サステナブル先進国ウェールズ ⑤

パッケージもサステナブルに!なぜウェールズは「ゴミ問題」にも真剣なのか

パッケージもサステナブルに!なぜウェールズは「ゴミ問題」にも真剣なのか

なぜウェールズは「サステナブル・パッケージ」に取り組むのか?

我々が食べ物を買い求めるとき、多くの場合は食べ物が何らかのパッケージに包装されています。そのため「サステナブルな食」を考える上では、食べ物そのものの持続可能性に加えて、その食べ物を包装しているパッケージを持続可能なものへ変えることも重要です。

これまでラム肉、チーズ、ラム酒、ロブスターと、イギリス南西部・ウェールズにおける先進的なサステナブルな食べ物をご紹介しました。ですが、実はウェールズは世界で最も先進的な「パッケージの持続可能性」に取り組む国でもあるのです。今回は食べ物の話から少し離れて、ウェールズでの「サステナブル・パッケージ」についてご紹介しましょう。

パッケージの画像

ウェールズはパッケージ(容器包装)をはじめ、廃棄物のリサイクルについて世界で最も先進的な国の1つです。国内での廃棄物リサイクル率は約65%に達し、これは世界でも3番目に高い実績です。

しかし、ウェールズ政府はさらに高い目標も掲げています。それが2050年までに「Zero Waste」(ゼロ・ウェイスト)、つまり廃棄物をゼロにするという目標です。なぜウェールズはこれほどまでに廃棄物(ゴミ)の問題を重視しているのでしょうか。

その背景には、ウェールズ政府がゴミの削減を地球温暖化対策として捉えていることがあります。ゴミは海などに流出して自然環境を汚染するだけではなく、地球温暖化の原因である温室効果ガスの発生源にもなり得るのです。プラスチックの容器包装をはじめ、焼却処分ができないゴミは埋め立てによって処分されます。しかし、集められたゴミが埋立地で分解されていく過程では、二酸化炭素よりも強力な温室効果をもつメタンが発生します。つまり、プラスチックなどのゴミがリサイクルされずに処分されると、それだけ温室効果ガスの排出が進んでしまうのです。

ウェールズはいかにして廃棄ゼロを目指しているのか?

ゼロ・ウェイストを目指して、ウェールズ政府は段階的なゴミ削減目標のロードマップを設定しています。その計画では、2025年までに国内でのリサイクル率を70%に高めると同時に、ゴミの発生量自体も26%削減すること(2010年比)が目指されています。この2025年までの目標達成に向けて、ウェールズではすでに法規制が強化されています。

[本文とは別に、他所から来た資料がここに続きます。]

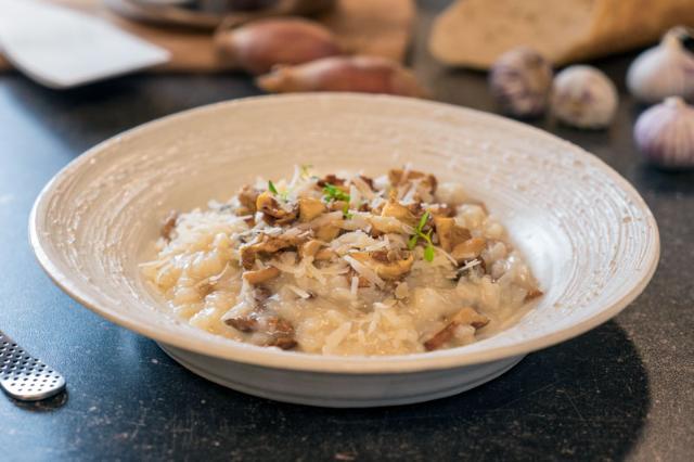 Når risottoen har en cremet konsistens, og al bouillon er absorberet, tilsættes smør og revet parmesan.

2024年から施行予定の事業者に対するリサイクル規制では、リサイクルすることが難しい容器包装を使用した事業者などに罰金が課される予定です。また、同じく2024年からはファストフード店などでの使い捨て紙コップの使用も規制されます。一般的に紙製品はリサイクルが簡単な特徴がありますが、使い捨て紙コップは汚れが激しく、再生紙にすることが難しいとされます。そのため、ウェールズ政府は飲食店での使い捨て紙コップの利用を規制し、代わりにリユースが可能なビンなどの利用を義務付けます。

水揚げされたロブスターの画像

こうしたレストランや食品メーカーへの厳しい規制は「汚染者負担原則」と呼ばれる考えにのっとっています。これは環境を汚染した者自身がその代償を負担すべきという、ヨーロッパでは広く見られる環境政策の基本方針です。ゴミ問題については、ウェールズのみならず、イギリス全体で汚染者負担原則を適用させる動きが広がっており、規制を強化することで事業者による自発的なリサイクル可能な包装使用の広がりが期待されています。

また、ウェールズでは容器包装そのものを環境に配慮したものへと転換することも目指されています。通常、プラスチックなどは石油などの輸入化石燃料から作られますし、紙も他国から輸入した木材を原料に作られます。このように、わざわざ原料を輸入するとその輸送過程などで環境負荷が大きくなってしまいます。

そこでウェールズで開発されているのが、地元でとれる植物から容器包装を作る取り組みです。ウェールズのバンガー大学とアベリストウィス大学は、イネ科の牧草であるライグラスから紙の原料となるパルプを作り出すことに成功し、この技術を使った容器包装は一部のスーパーマーケットで実用化される予定となっています。

「サステナブルな食」を実現するためには、食べ物が我々の手元に届く過程までを含めて、環境に配慮した持続可能なものへと変えていく必要があります。そのなかで、食べ物の流通に不可欠な容器包装をサステナブルにするのはとても重要なことです。

このように、容器包装からのゴミを削減するウェールズの先進的な取り組みには、日本が見習うべきことも多くあるように思います。もしウェールズへ足を運ぶことがあれば、食品のパッケージに注目してみて下さいね。